A Review of the Nigerian Energy Industry

Nigeria: Dangote oil refinery to boost Nigeria’s economic fortunes – Moghalu

Aliko Dangote, Chairman of the Dangote Group.
Aliko Dangote, Chairman of the Dangote Group.

11 April 2015, Lagos – The scheduled completion and take-off in 2017 of a major oil refinery under construction by the Dangote Goup, will boost Nigeria’s economic fortunes in the medium to long term, a former deputy governor of the Central Bank of Nigeria (CBN), Dr. Kingsley Moghalu, has said.

Moghalu said the President elect, Muhammadu Buhari must have to come up with solutions to tackle an oil-lubricated economy, traumatised by a sharp decline in the price of crude oil, which makes up over 80 percent of the country’s revenues.

“The Dangote oil refinery will refine 650,000 barrels of oil per day, cutting Nigeria’s refined petroleum products import bill by 50 percent. This will lower pressure on the naira caused by the constant need for producers of petroleum derivatives and other importers to purchase large amounts of dollars. Local refining will reduce the need for foreign exchange,” he said.
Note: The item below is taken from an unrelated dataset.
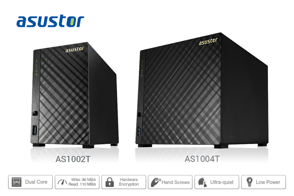 Taipei, Taiwan, September 21st, 2015 – ASUSTOR Inc., a leading innovator and provider of network storage solutions, has announced the launch of the brand-new AS1002T and AS1004T models, the first generation of ASUSTOR NAS products to make use of the ARM architecture. These 10 series models are powered by Marvell 1.0 GHz dual-core processors, 512MB of memory and hardware encryption engines, providing read and write performance of 95 MB/s and 110 MB/s. The exterior features a compact and stylish design, featuring an eye-catching diamond plate finish that allows the NAS to add a touch of modern flair to any space. The 10 series devices also feature low power consumption and ultra-quiet operation, producing only 19 decibels of noise during system standby, comparable to the almost inaudible sound of a pin drop. This allows it to seamlessly fit into any living space without disrupting the quality of life, making it the optimal personal cloud storage platform for the modern digital age.

Moghalu was speaking on building an industrial structure in Africa’s largest economy on Thursday, said the Dangote’s refinery and its by-products will mark a structural shift towards an effective industrial manufacturing economy. This is besides the general positive impact on monetary policy.

The financial expert said the Buhari-led government must restructure a federation where most resources and instruments of power rest at the centre in Abuja, leaving many states dissatisfied and feeble.

He noted that the problems of Federal Government spending priorities that are focused more on recurrent expenditure to finance a bloated governance apparatus than capital investments for real economic transformation, have led to the naira falling heavily, the result of lower oil revenues and the absence of fiscal savings that could have acted as a buffer against exogenous commodity shocks.